Problem details → A full, exact copy of the listing is needed, with images omitted.

Available data →
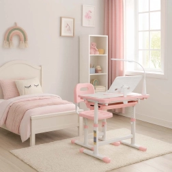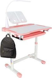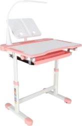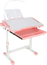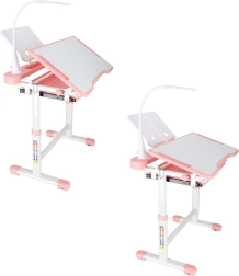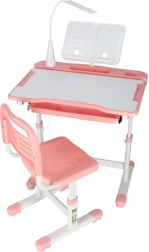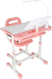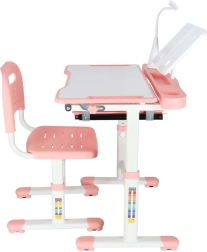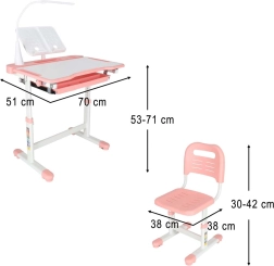 Mitwachsender Kinderschreibtisch mit Stuhl und LED-Lampe, rosa
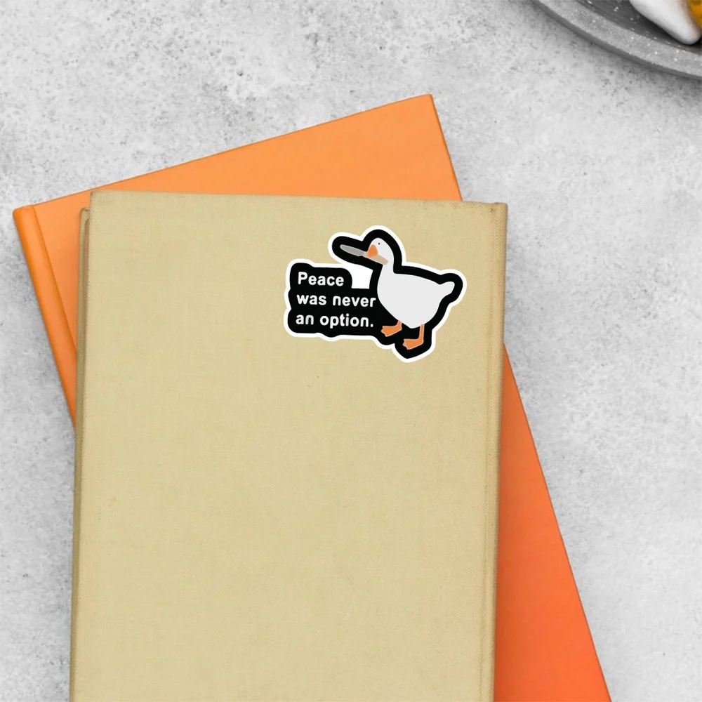 Peace Was Never An Option Witty Stickers vinyl sticker, waterproof durable collectible sticker for laptop, phone, bottle, bike, notebook, helmet, and accessories.
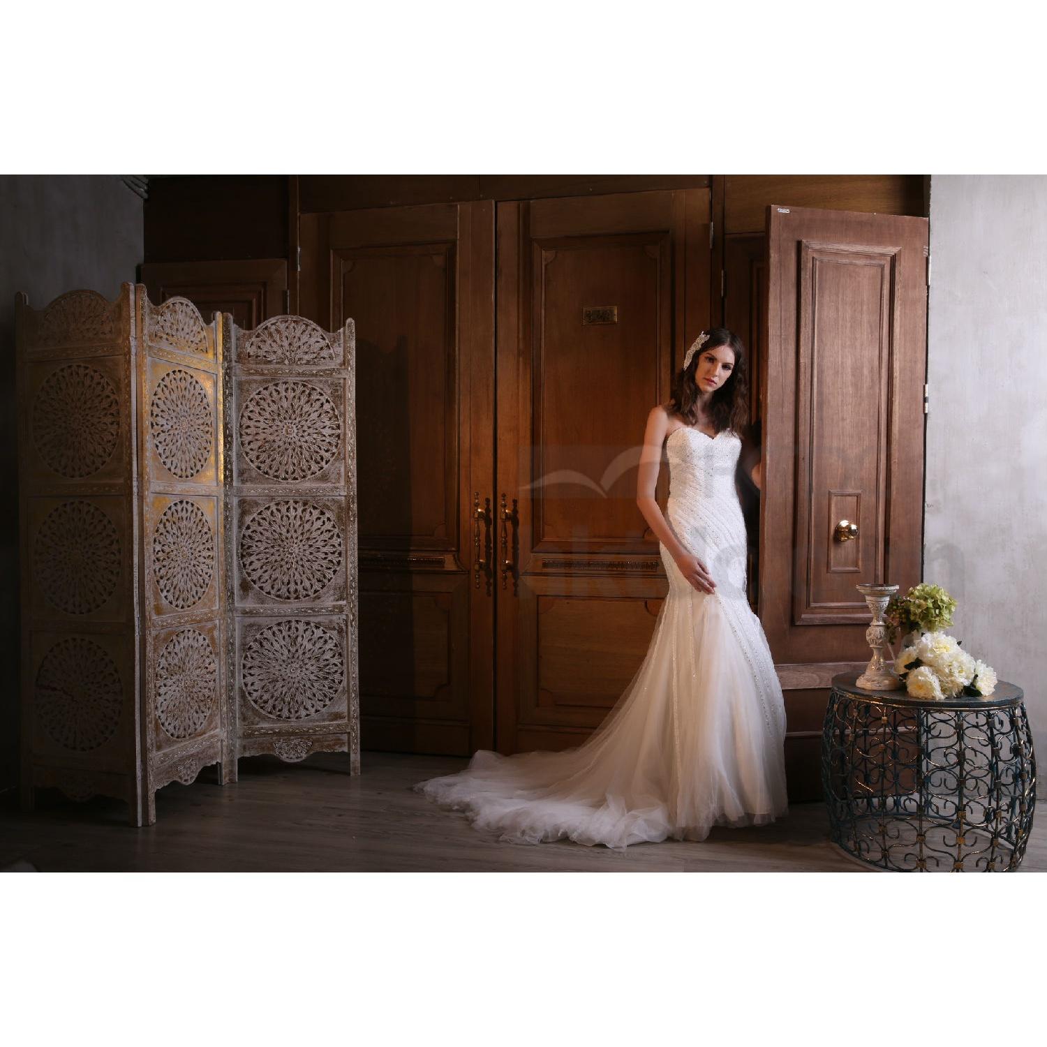 Walk down the aisle in unrivaled charm with this glamorous gown. It envelops your body closely with a sweetheart bodice and slims through your waist and down to the hip to make a grand highlight to your hourglass figure. Studded with Swarovski crystals to draw every envious eye, the A-line gown cascades elegantly onto the ground with an iconic chapel train.

Exercise answer →
 Mitwachsender Kinderschreibtisch mit Stuhl und LED-Lampe, rosa
 Peace Was Never An Option Witty Stickers vinyl sticker, waterproof durable collectible sticker for laptop, phone, bottle, bike, notebook, helmet, and accessories.
 Walk down the aisle in unrivaled charm with this glamorous gown. It envelops your body closely with a sweetheart bodice and slims through your waist and down to the hip to make a grand highlight to your hourglass figure. Studded with Swarovski crystals to draw every envious eye, the A-line gown cascades elegantly onto the ground with an iconic chapel train.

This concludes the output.